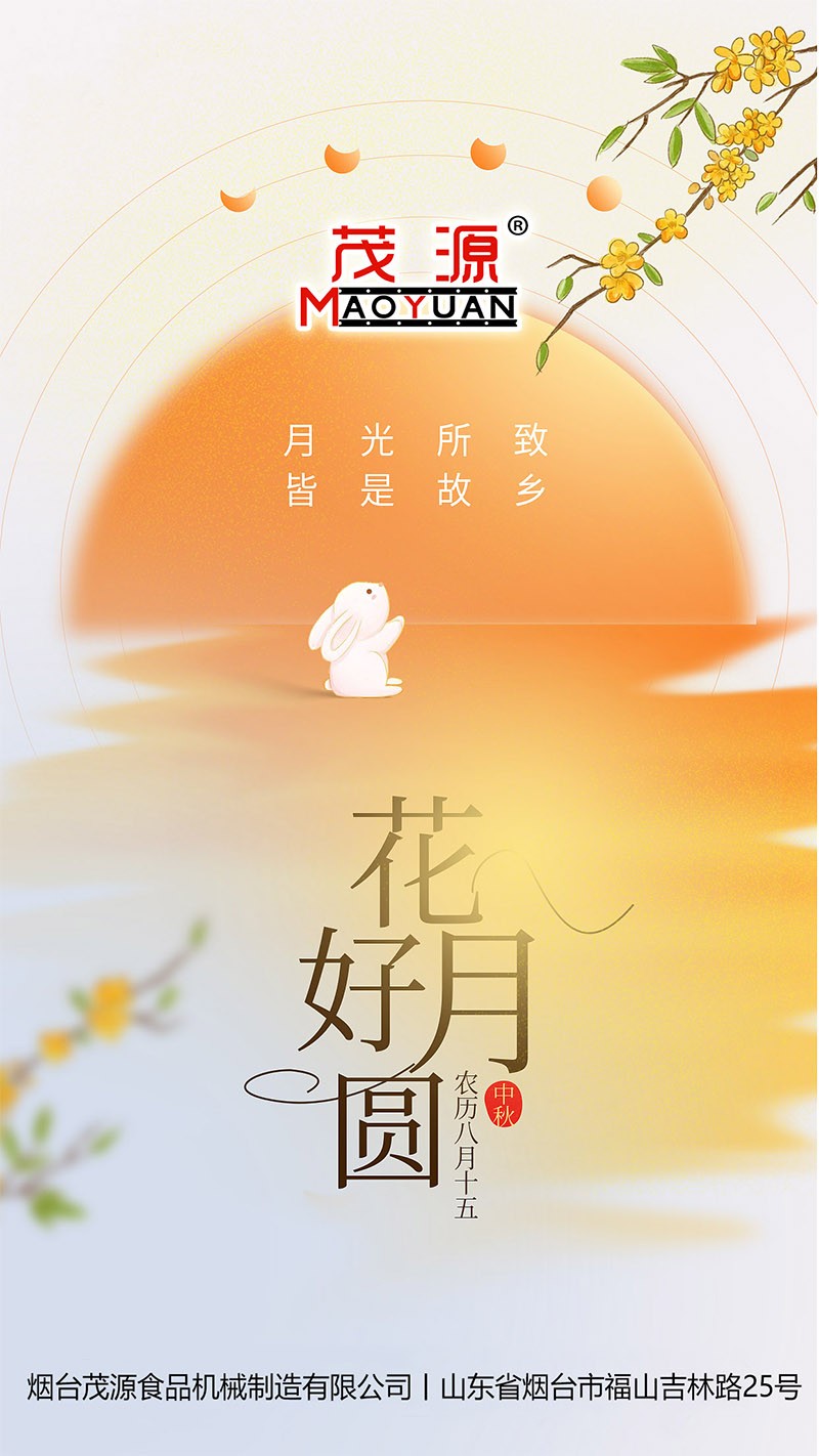 明月寄相思,佳節(jié)慶團(tuán)圓。在這個溫馨滿溢的中秋佳節(jié),煙臺茂源食品機(jī)械向您致以最誠摯的祝福!
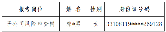 2020年8月10日,集團(tuán)發(fā)布了《臺州市金融投資集團(tuán)有限公司公開招聘筆試公告》,公布筆試人員名單。因工作疏忽遺漏了一名符合報(bào)考條件人員,現(xiàn)補(bǔ)充以下人員進(jìn)入筆試名單。
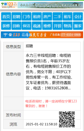 电话咨询时,请一定说明在宁晋123看到的,谢谢!
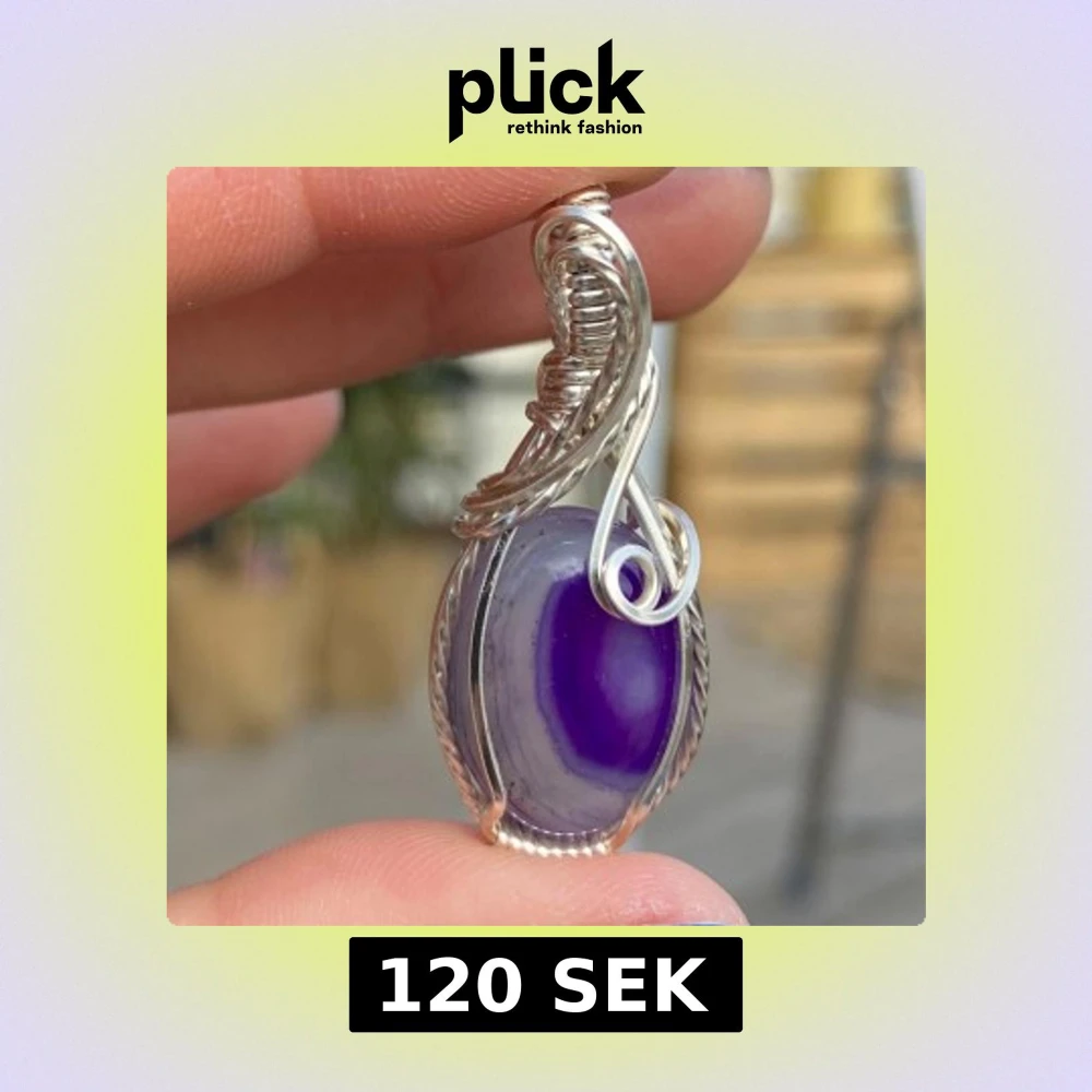 Unikt halsband med en oval lila agat infattad i intrikat lindad silvertråd. Stenen har vackra skiftningar i lila och grått, och infattningen har snygga snirkliga detaljer som ger ett handgjort och konstnärligt intryck. Perfekt statement piece för dig som gillar färg och unika smycken.
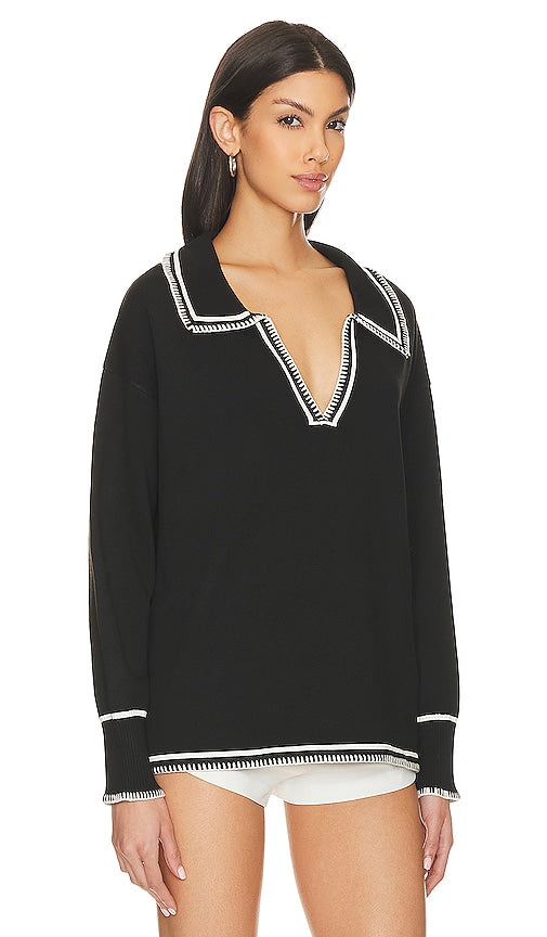 SNDYS Arlington Collared Sweater in Black. - size L (also in M, S, XL, XS, XXL, XXS) SNDYS Arlington Collared Sweater in Black. - size L (also in M, S, XL, XS, XXL, XXS) 100% cotton. Made in China. Machine wash. Knit fabric with contrast embroidery. SDYS-WK49. SFK105. We want women to feel like they don't need permission to showcase their own style. For us, it's always going to be about promoting creativity without contingencies. Directors Melanie Purcell and Lauren Gocher named SNDYS after their favorite day of the week, Sunday, where they would spend time with family and discover new creative outlets. SNDYS offers cutting edge and affordable styles that not only follow trends, but start them. Based out of Sydney, Australia, SNDYS is bold and unabashedly feminine. Expect matching lounge sets, floral maxi dresses, and timeless outerwear. Shop the latest in fashion from SNDYS
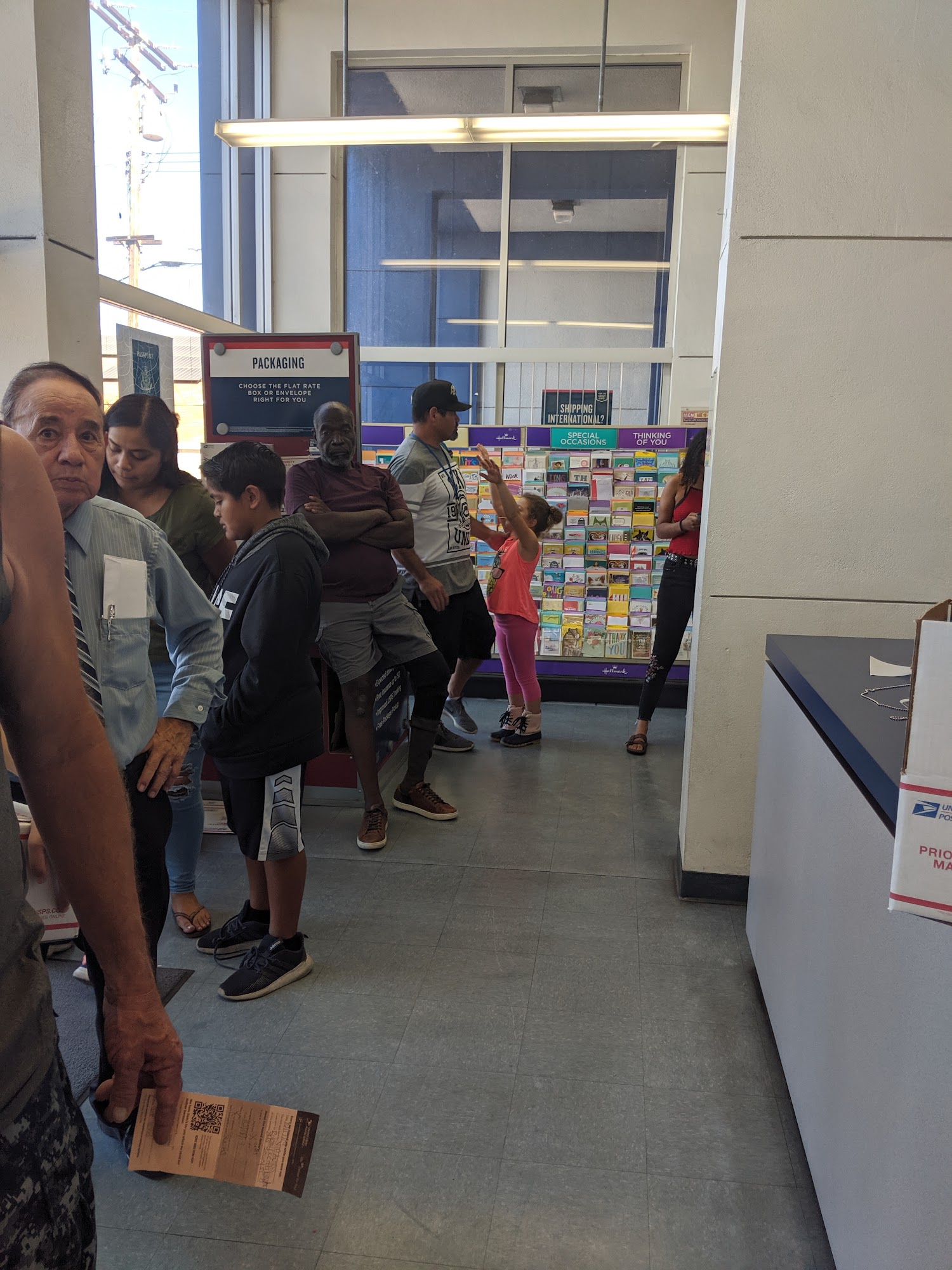 This post office is a prime example of the failed community of hemet. MULTIPLE HOUR LINES from open till close at the parcel pickup window. Why? Because this town is inundated with thievery, drugs and crime. That being said the staff is doing their best - helpful and friendly, hence 2 stars instead of 1.
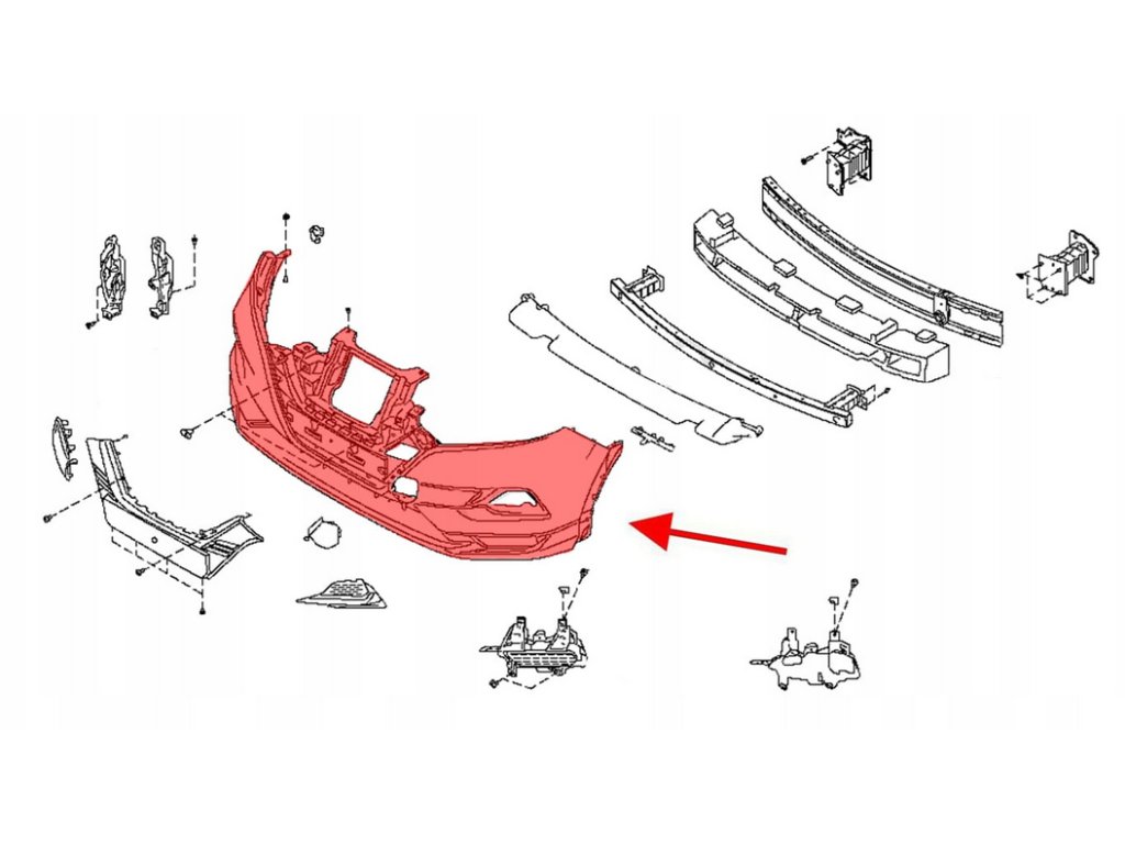 Přední nárazník. Má otvory pro mlhovku a otvor pro tažné zařízení.
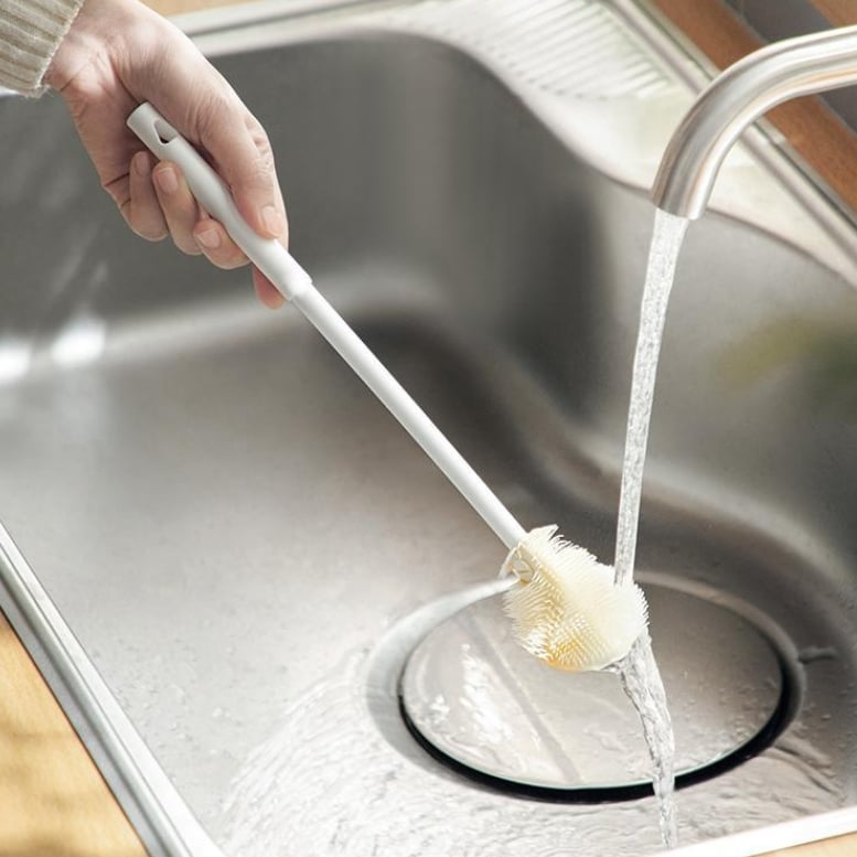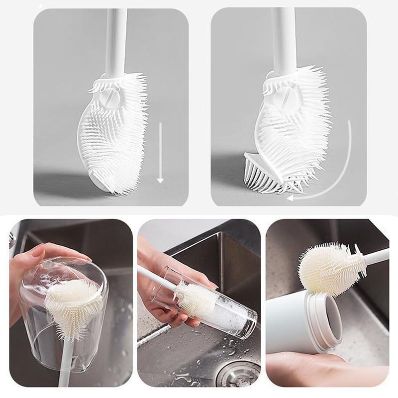 Die verlängerte Becherbürste kann bis zum Boden des Bechers reichen und zum Reinigen um 360° gedreht werden. Außerdem kann die Flasche bis zum Ende gebürstet werden. egal wie tief sie ist.

══════════════════════════════

*Exercise prompt*: The material above is to be transcribed exactly, with its images omitted.

*Response to this exercise*:
 明月寄相思,佳節(jié)慶團(tuán)圓。在這個溫馨滿溢的中秋佳節(jié),煙臺茂源食品機(jī)械向您致以最誠摯的祝福!
 2020年8月10日,集團(tuán)發(fā)布了《臺州市金融投資集團(tuán)有限公司公開招聘筆試公告》,公布筆試人員名單。因工作疏忽遺漏了一名符合報(bào)考條件人員,現(xiàn)補(bǔ)充以下人員進(jìn)入筆試名單。
 电话咨询时,请一定说明在宁晋123看到的,谢谢!
 Unikt halsband med en oval lila agat infattad i intrikat lindad silvertråd. Stenen har vackra skiftningar i lila och grått, och infattningen har snygga snirkliga detaljer som ger ett handgjort och konstnärligt intryck. Perfekt statement piece för dig som gillar färg och unika smycken.
 SNDYS Arlington Collared Sweater in Black. - size L (also in M, S, XL, XS, XXL, XXS) SNDYS Arlington Collared Sweater in Black. - size L (also in M, S, XL, XS, XXL, XXS) 100% cotton. Made in China. Machine wash. Knit fabric with contrast embroidery. SDYS-WK49. SFK105. We want women to feel like they don't need permission to showcase their own style. For us, it's always going to be about promoting creativity without contingencies. Directors Melanie Purcell and Lauren Gocher named SNDYS after their favorite day of the week, Sunday, where they would spend time with family and discover new creative outlets. SNDYS offers cutting edge and affordable styles that not only follow trends, but start them. Based out of Sydney, Australia, SNDYS is bold and unabashedly feminine. Expect matching lounge sets, floral maxi dresses, and timeless outerwear. Shop the latest in fashion from SNDYS
 This post office is a prime example of the failed community of hemet. MULTIPLE HOUR LINES from open till close at the parcel pickup window. Why? Because this town is inundated with thievery, drugs and crime. That being said the staff is doing their best - helpful and friendly, hence 2 stars instead of 1.
 Přední nárazník. Má otvory pro mlhovku a otvor pro tažné zařízení.
 Die verlängerte Becherbürste kann bis zum Boden des Bechers reichen und zum Reinigen um 360° gedreht werden. Außerdem kann die Flasche bis zum Ende gebürstet werden. egal wie tief sie ist.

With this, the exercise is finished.